Supplied records:
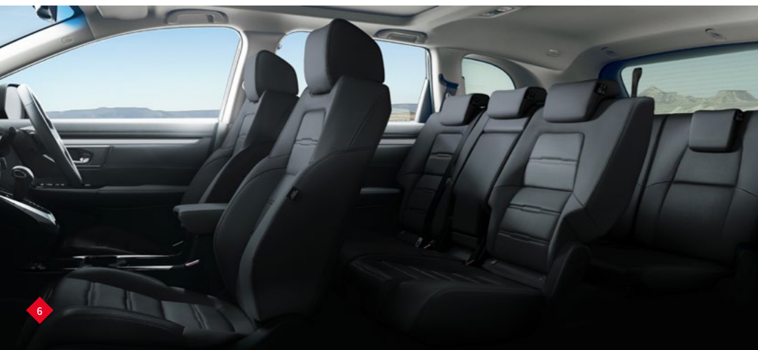
CR-V Sport 7 Shown in Cosmic Blue
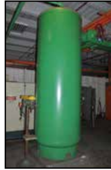
4' x 12' Air Receiver Tank
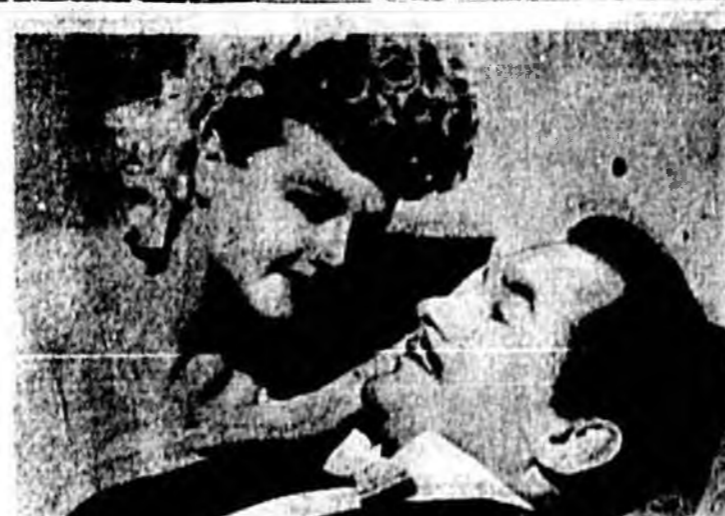
Angela Lunabury can't resist suave George Sanders in this scene from 'The Private Affairs of Bel Ami' with Ann Dvorak, presented Tuesday and Wednesday on the Ritz Theatre screen.
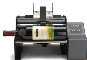
AP362 LABEL APPLICATOR
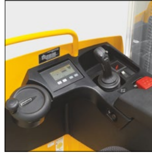
Ergonomic layout of all controls
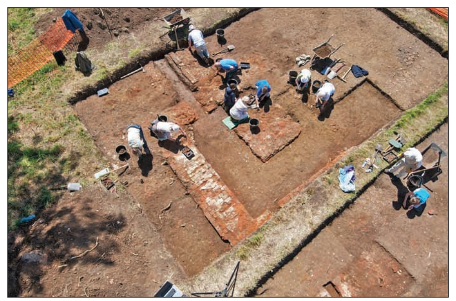
Fig 4 Woking Palace 2010: Tudor brick walls under excavation, with square core (newel) of the staircase visible.

A key part of the project was giving members of the public a chance to become involved in the excavations. In all some 155 adults and 140 children and young
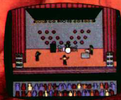
IT'S ONLY ROCK 'N' ROLL
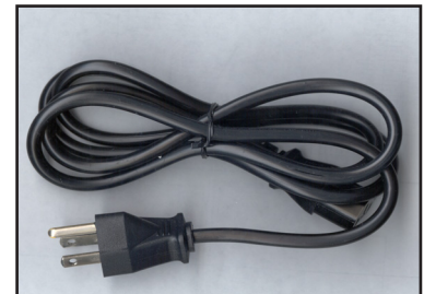
F Power Supply AC Line Cord (AE1123-ND)
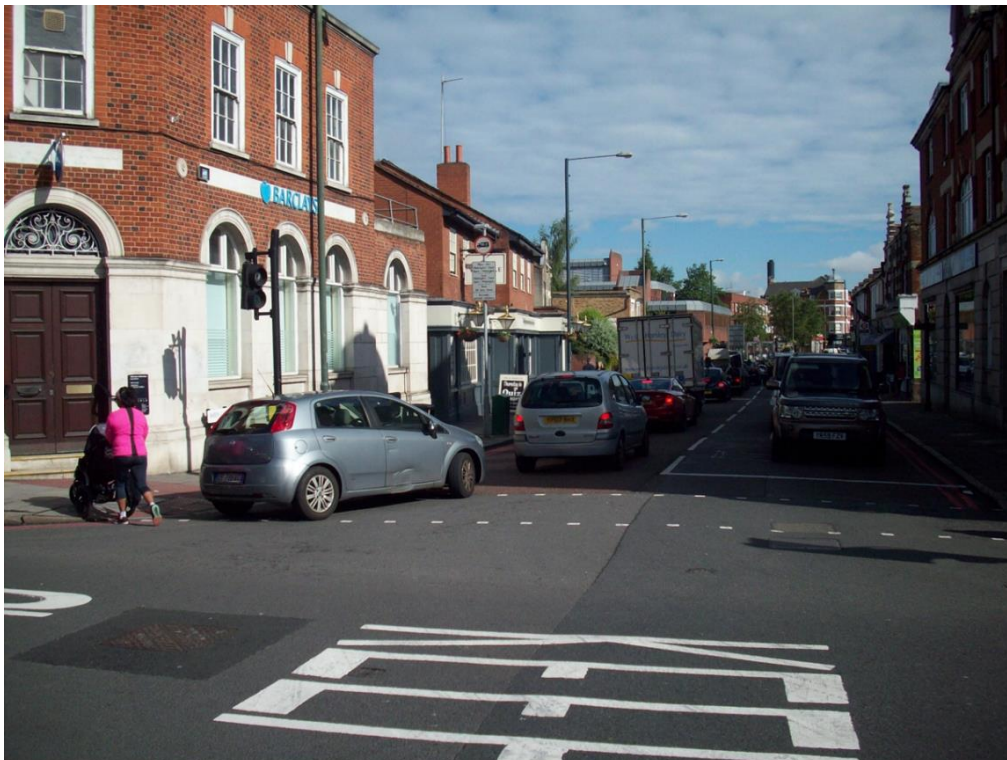
1. Queue off Upper Richmond Road into Sheen Lane approaching level crossing
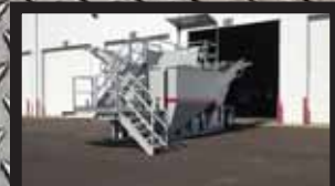
WOOD ROCK SEPARATOR – Portable Unit is great for dealing with waste, Works Best with an RDO Screener unit feeding the Separator. PRICE.....$235,294.00
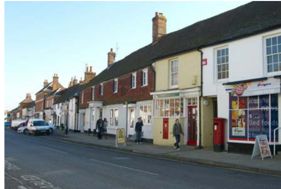
HIGH STREET SHOPS

Retail outlets, including a Post Office and Co-op, represent a core amenity that is synonymous with the character of Odiham.
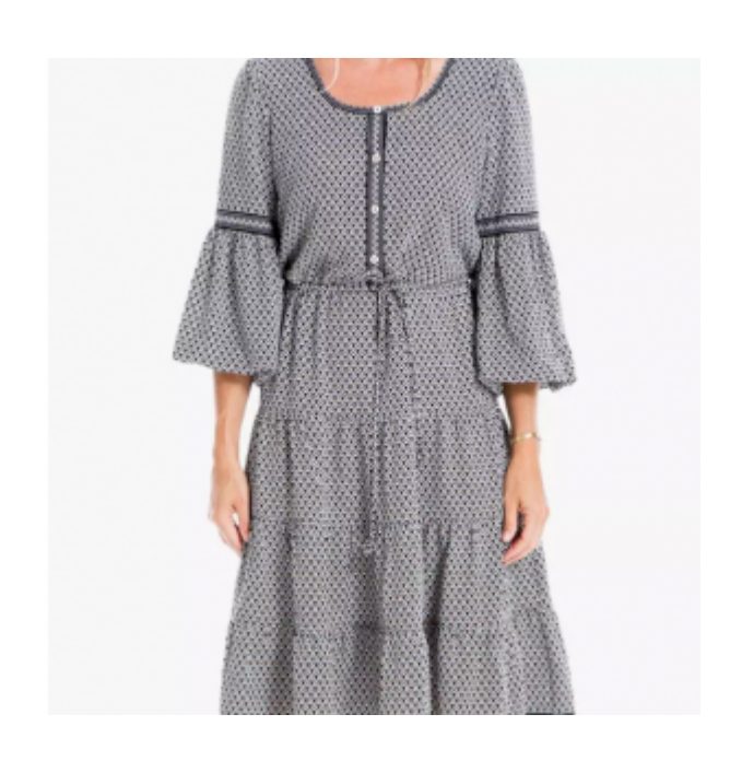
Max Studio Tie Waist Tiered Dress, Multi £35.30 — <a href="here">here</a>
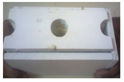
Figure 10. Bricks for Openings - Full (Type 5)

Work to complete:
Some lines of the records above may hold the word "core". Report how many, and nothing else.

Exercise result:
2